Lauren lifted the corner of the quilt.
"I can't believe the Small Stitches fell for the decoy quilt pattern,” she said.
"Well, it serves them right,” Mavis said. “What's really silly is that they're good quilters. They don't need to be copying other people's work."
"Why do they do it, then?” Harriet asked between licks as Harry attempted to wash her face.
"Lack of confidence, I guess,” Mavis replied.
Robin came through the door, followed by Aiden and a coal-black dog with a white cast on its front leg.
"Sorry I'm late,” she said. “I had to file some papers with the court.” She took off her pink-hooded yoga jacket and slipped a green apron over her head, tying the strings behind her. “Okay,” she said, and Aiden gently set the black dog in her lap.
"I really appreciate the work you ladies are doing here,” he said to the group. “The dogs are adjusting better than we hoped. I'm feeling a lot better about their adoption possibilities."
"I have a feeling you're going to have a jump-start on the adoptions,” Harriet said and looked over at Lauren, who was talking baby talk to her dog, Carter.
"Speaking of jump-starting adoptions, I don't think DeAnn would mind me telling you all that Iloai is now back with her parents and seems to be settling back in without lingering effects,” Robin said.
"That's real nice,” Mavis said.
Connie came into the crowded storeroom, whisking off her peach-colored nylon jacket and slipping into her apron. Aiden immediately appeared with yet another small dog, this one another Chihuahua mix of some sort.
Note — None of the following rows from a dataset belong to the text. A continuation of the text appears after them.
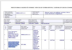 Biblioteka Kombëtare e Kosovës “Pjetër Bogdani” muajin e kaluar ka publikuar procesverbalin e hapjes së tenderit me titull “Platformë hardver për publikimin pastrimin e librave, gazetave dhe hartave të digjitalizuara”. Për këtë titull të kontratës kanë tenderuar dy operatorë ekonomikë, Grup i Operatorëve Ekonomik IT INOVATION SH.P.K.; Biblibre SARL, me lokacion rruga Bardhyl Çaushi, nr. 9, 10000, Prishtinë dhe TECH VISION SH.P.K., me lokacion rr. “Bardhyl Çaushi”, nr. 9, 10000, Prishtinë. Por për këtë aktivitet të prokurimit ka bërë ankesë operatori ekonomik “OE RENER Sh. P. K.”, i cili, në një paragraf të ankesës, duke paraqitur pretendime ankimore, ka shkruar: “AK, me Kërkesa 2 Ofertuesi i shërbimeve duhet të ketë të paktën 3 persona të certifikuar për softuerin e arkives digjitale, duke mos specifikuar llojin e certifikimit dhe angazhimin e të njëjtëve, përbën favorizim te një OE, i cili posedon këtë informatë dhe i posedon personat e certifikuar”. Megjithatë, ankesën e “OE RENER Sh. P. K.” e ka hedhur poshtë autoriteti kontaktues i Bibliotekës Kombëtare të Kosovës, Drilon Kabashi, zëvendësdrejtor i Zyrës së Prokurimit.
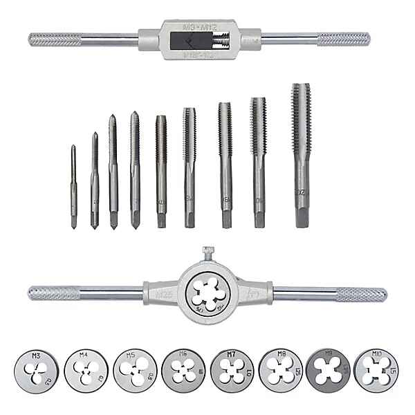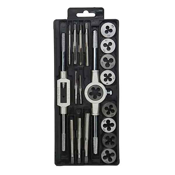 This 20-piece tap and die set is designed for cutting and repairing internal and external threads on screws, bolts, nuts, and other metal components. This comprehensive kit includes a variety of taps, dies, and essential tools for precision threading tasks. Ideal for automotive, mechanical, or general DIY projects, the durable steel components ensure long-lasting performance, helping you achieve professional results in metalwork and repairs.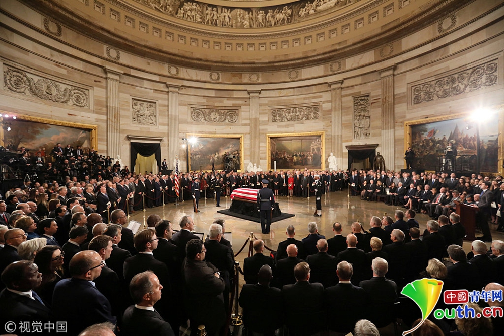 美國歷史上,只有33名逝者的遺體擺放在國會(huì)大廈圓形大廳內(nèi)供人們瞻仰,包括從“一戰(zhàn)”到“越戰(zhàn)”期間的11位總統(tǒng)以及不知名士兵。
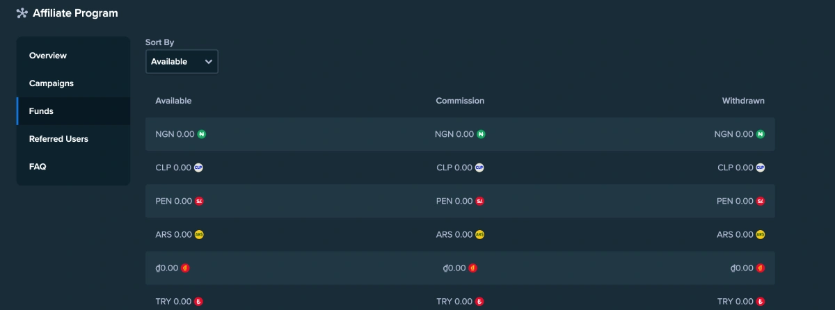 - Tap the ‘Funds’ tab in the menu at the corner. There, you can view your available commissions and those you've already withdrawn.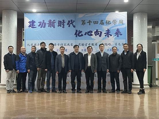 刘买利、任友洲和肖文精共同开启了化学周的揭幕仪式。随着嘉宾们将锥形瓶中的碘化钾溶液倒入,三个容器上的“化学周”镂空字样因化学反应而呈现出红、蓝、绿三种不同颜色。其中,红色象征传承红色基因,蓝色代表永不言弃的精神,绿色凸显传承与创新。三种鲜艳亮丽的颜色,共同展现着化学人将秉持化学周的精神,砥砺前行,续写辉煌。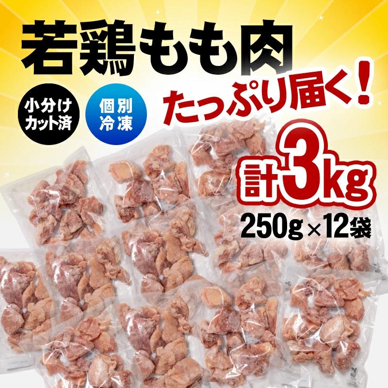 1月発送 バラ凍結!宮崎県産若鶏 鶏肉 もも肉カット 3㎏(250g×12)IQF加工 小分け<1.3-21>鶏 もも身 鶏モモ肉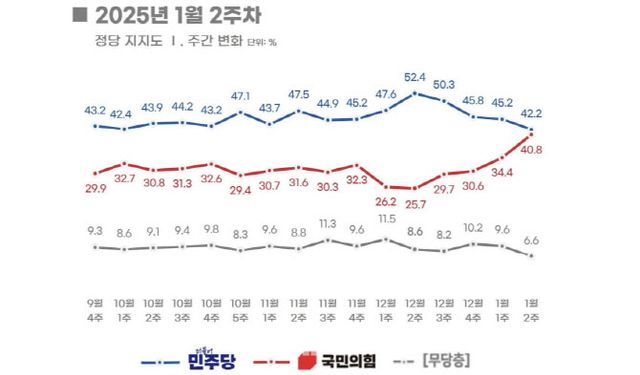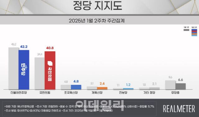 여론조사 전문기관 리얼미터가 에너지경제신문 의뢰로 지난 9일부터 10일까지 이틀간 전국 18세 이상 유권자 1006명을 대상으로 정당 지지도를 조사한 결과민주당은 42.2%, 국민의힘은 40.8%로 조사됐다.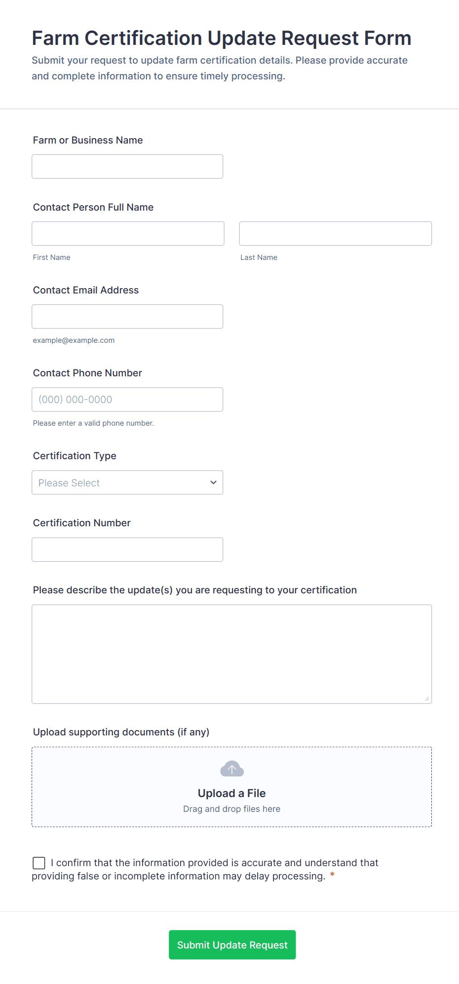 Collect and manage information for your farm with free online Farmer Forms. Whether you’re filling out land lease agreements, selling your products, or collecting worker applications, choose a template below and customize it to perfectly match your needs with our drag-and-drop builder. No coding required! You can then embed your form in your website, share it with a link, or fill it out yourself directly from your smartphone, tablet, or computer. Stop tracking information with pen and paper and upgrade to online Farmer Forms that work great on any device.

She petted the little dog, who nestled into her lap while Aiden retreated back into the clinic.
"Did you tell them the news?” she asked Robin.
"I was just getting to that.” She turned to the rest of the group. “Connie here suggested that, since the authorities have had no luck so far in finding
any record of Kissa's birth, family or anything else, and since DeAnn and her husband have already been qualified as adoptive parents once, perhaps they could be fast-tracked to become foster parents, and then eventually, when the waiting period is over, they could adopt Kissa."
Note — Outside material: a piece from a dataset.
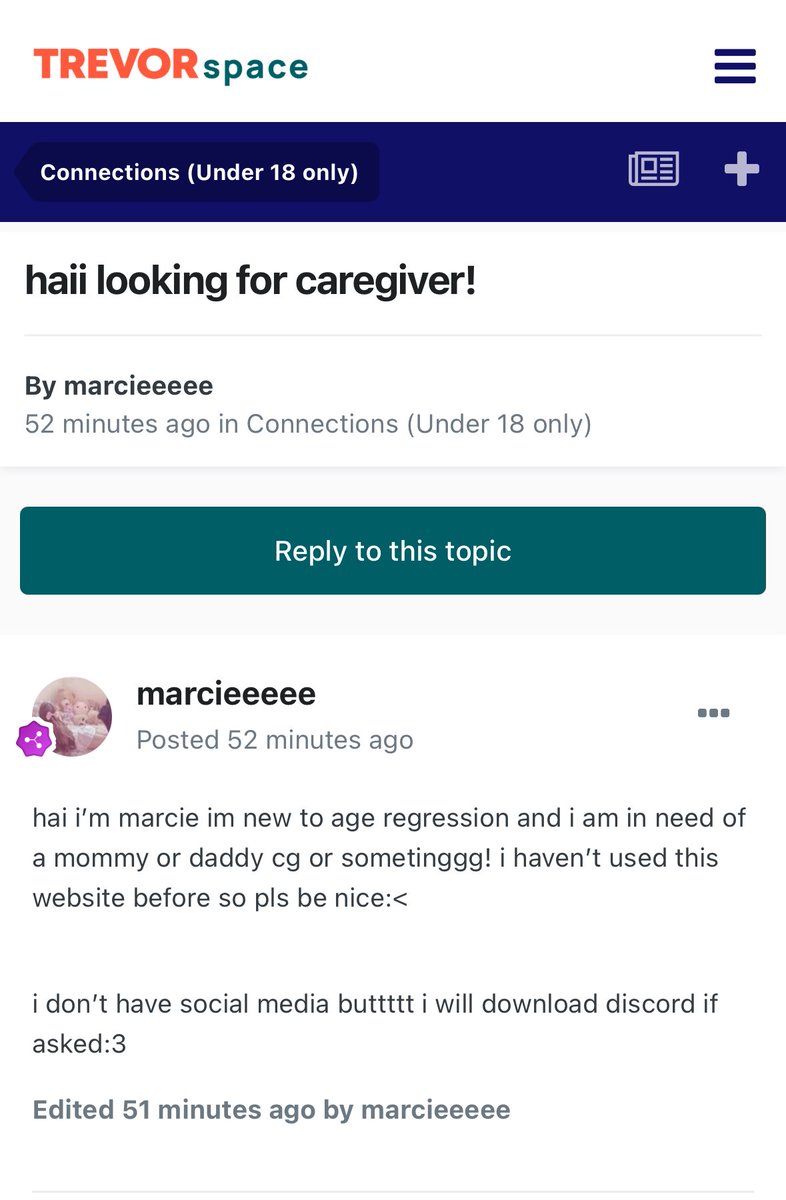 https://twitter.com/cagovernor/status/2002446712410149150Example of an age regression fetish post in the under 18 section of Trevor Project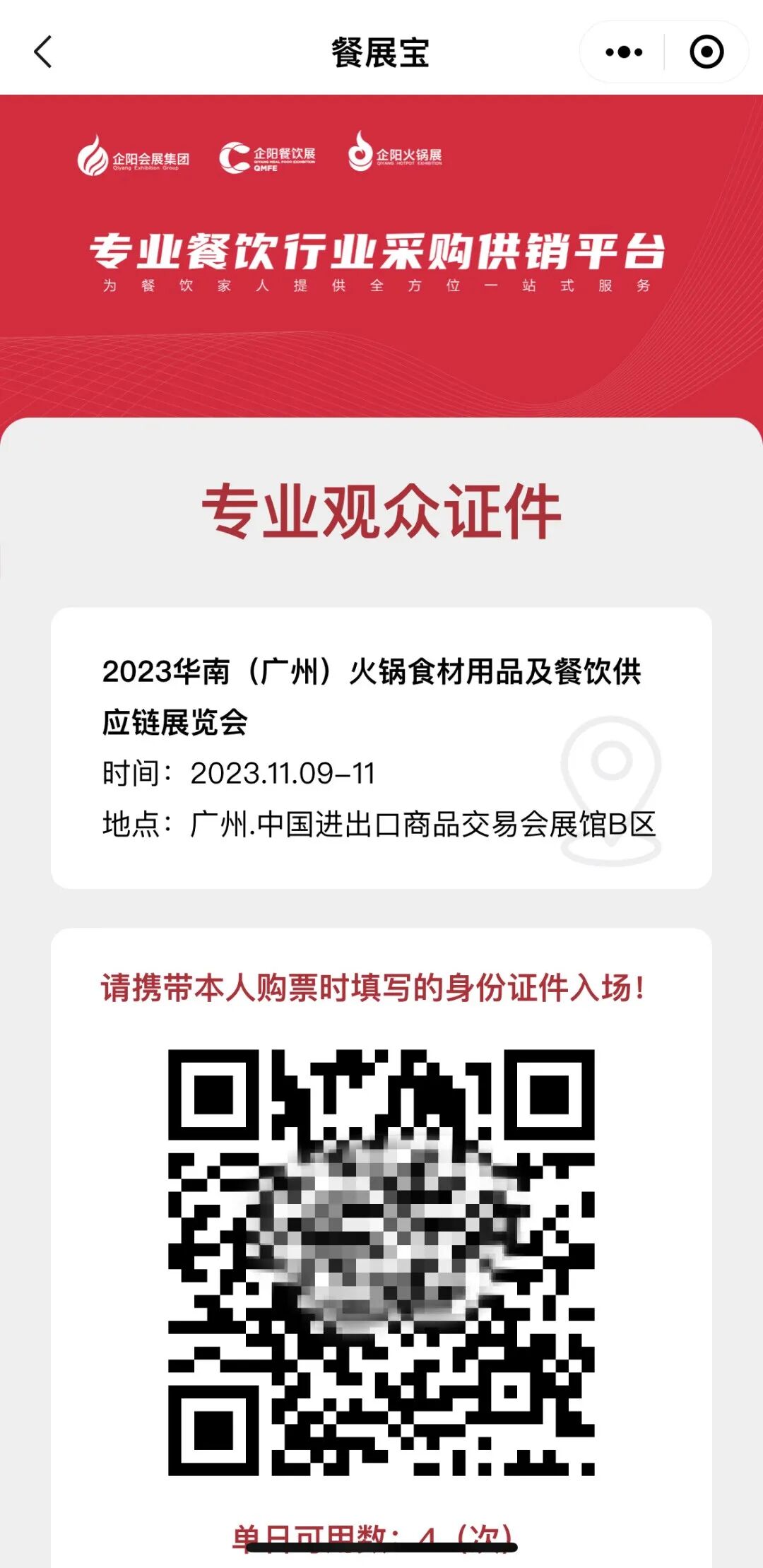 开展在即,为方便观众,保证广大观众便捷顺利参观,广州餐饮展观众“线上免费领票 ”渠道全面开启,在微信搜索餐展宝即可在线完成预登记免费领票轻松观展。

"That's just wonderful,” Mavis said.
"It just seemed natural,” Connie said. “Rodrigo and I have been having a lot of fun with Kissa, but we're too old to have such a bundle of energy on a fulltime basis. We'll be happy to just be grandparents again. And who knows—maybe we'll adopt this little girl to fill our empty nest.” She patted the head of her little charge, and the dog wagged her skinny tail.
"Did everyone hear how much Harriet's quilt brought in at the auction?” Aiden asked when he came back a few minutes later to check on them.
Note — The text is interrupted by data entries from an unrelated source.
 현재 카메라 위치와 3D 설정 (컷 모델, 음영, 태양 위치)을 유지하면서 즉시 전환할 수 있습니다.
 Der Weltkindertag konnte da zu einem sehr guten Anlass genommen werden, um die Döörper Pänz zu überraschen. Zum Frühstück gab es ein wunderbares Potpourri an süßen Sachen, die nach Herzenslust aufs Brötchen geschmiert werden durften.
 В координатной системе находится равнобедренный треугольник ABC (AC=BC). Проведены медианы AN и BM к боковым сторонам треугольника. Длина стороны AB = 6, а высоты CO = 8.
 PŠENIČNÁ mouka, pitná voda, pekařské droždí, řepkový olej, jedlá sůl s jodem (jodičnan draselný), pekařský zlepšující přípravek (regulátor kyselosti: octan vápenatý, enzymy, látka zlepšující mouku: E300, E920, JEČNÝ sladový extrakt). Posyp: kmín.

"They were there,” Harriet said with an embarrassed smile. “Besides, Jenny is the one who should get the credit for maintaining the reputation of our quilt group, since her design was chosen to be the raffle quilt, and who knows how much it will eventually bring in money-wise."
"They were all a group effort,” Jenny said modestly. The little dog in her lap barked his agreement, which then set off a chain of yips and yaps, requiring the Threads to concentrate on their task.
Aiden came back into the storeroom-turned-dog socializing area when he'd put the last of his charges back in its kennel and the last Loose Thread had left the clinic. He gently pulled Harriet, who had waited for him, into an embrace. He looked down at her ankle, which was once again in a heavy cast.
"Are things ever going to be back to normal?” he asked.
"You mean normal like when I used to live alone? Before my aunt and Mavis decided I couldn't fend for myself?"
"I do understand their urge to protect you,” he said and kissed her. “You do have a way of finding trouble."
"Lots of people who live alone sprain their ankles."
"Not a lot of them have a three hundred-pound woman fall on their sprained ankle while she's trying to kill them, though."
"Whose side are you on?"
"You're right. I feel like a teenager again with those two hanging around, forced to try to sneak a kiss when they turn their backs. And we both know if we went to my house, they'd just follow us. And what's up with Jorge delivering take-out to your house?"